There are several factors that can prevent the compiler from doing the optimizations that we want it to do. It is important for the programmer to be aware of these obstacles and to know how to avoid them. Some important obstacles to optimization are discussed below.
Cannot optimize across modules
The compiler does not have information about functions in other modules than the one it is compiling. This prevents it from making optimizations across function calls.

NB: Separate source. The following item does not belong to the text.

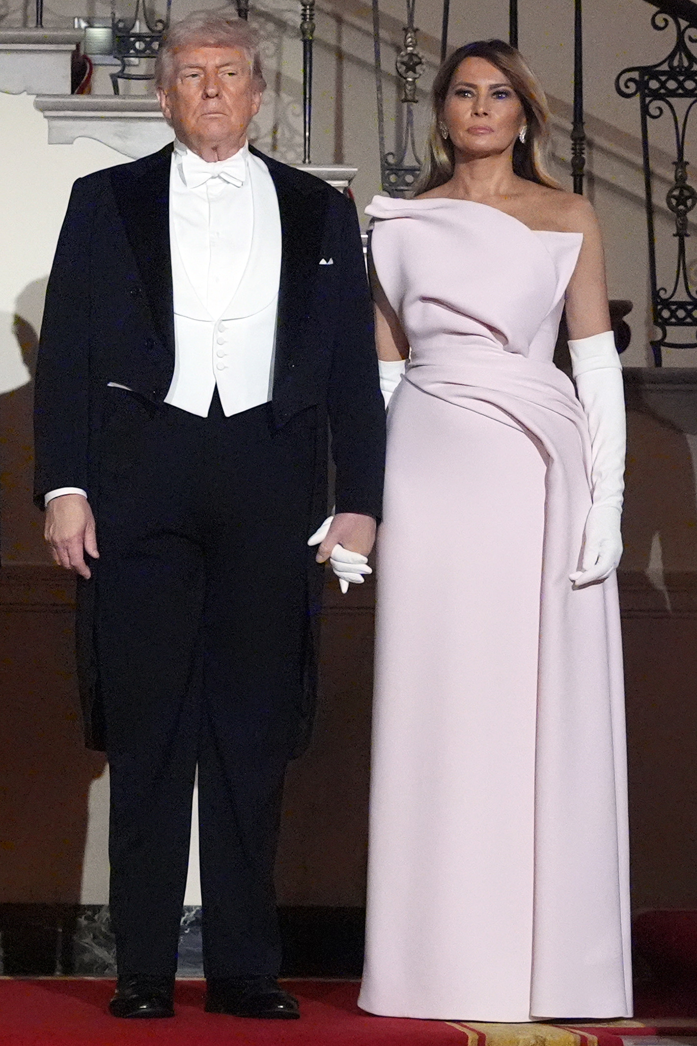 Η 56χρονη πρώτη κυρία φόρεσε ένα στράπλες φόρεμα από απαλό ροζ μετάξι του οίκου Christian Dior Haute Couture, συνδυασμένο με λευκά σουέντ γάντια και μεταξωτές γόβες. Ήταν χαμογελαστή καθώς περπατούσε δίπλα στον σύζυγό της, Ντόναλντ Τραμπ, ο οποίος φορούσε ένα κλασικό μαύρο σμόκιν, μαζί με τα μέλη της βασιλικής οικογένειας, όπως αναφέρει η New York Post.

Example:
// Example 8.20 module1.cpp int Func1(int x) { return x*x + 1; } module2.cpp int Func2() { int a = Func1(2); ... }
If Func1 and Func2 were in the same module then the compiler would be able do function inlining and constant propagation and reduce a to the constant 5. But the compiler does not have the necessary information about Func1 when compiling module2.cpp.
The simplest way to solve this problem is to combine the multiple .cpp modules into one by means of #include directives. This is sure to work on all compilers. Some compilers have a feature called whole program optimization, which will enable optimizations across
modules (See page 83).
Pointer aliasing
When accessing a variable through a pointer or reference, the compiler may not be able to completely rule out the possibility that the variable pointed to is identical to some other variable in the code. Example:
// Example 8.21
void Func1 (int a[], int * p) { int i; for (i = 0; i < 100; i++) { a[i] = *p + 2; } } void Func2() { int list[100]; Func1(list, &list[8]); }
Here, it is necessary to reload *p and calculate *p+2 a hundred times because the value pointed to by p is identical to one of the elements in a[] which will change during the loop. It is not permissible to assume that *p+2 is a loop-invariant code that can be moved out of the loop. Example 8.21 is indeed a very contrived example, but the point is that the compiler cannot rule out the theoretical possibility that such contrived examples exist. Therefore the compiler is prevented from assuming that *p+2 is a loop-invariant expression that it can move outside the loop.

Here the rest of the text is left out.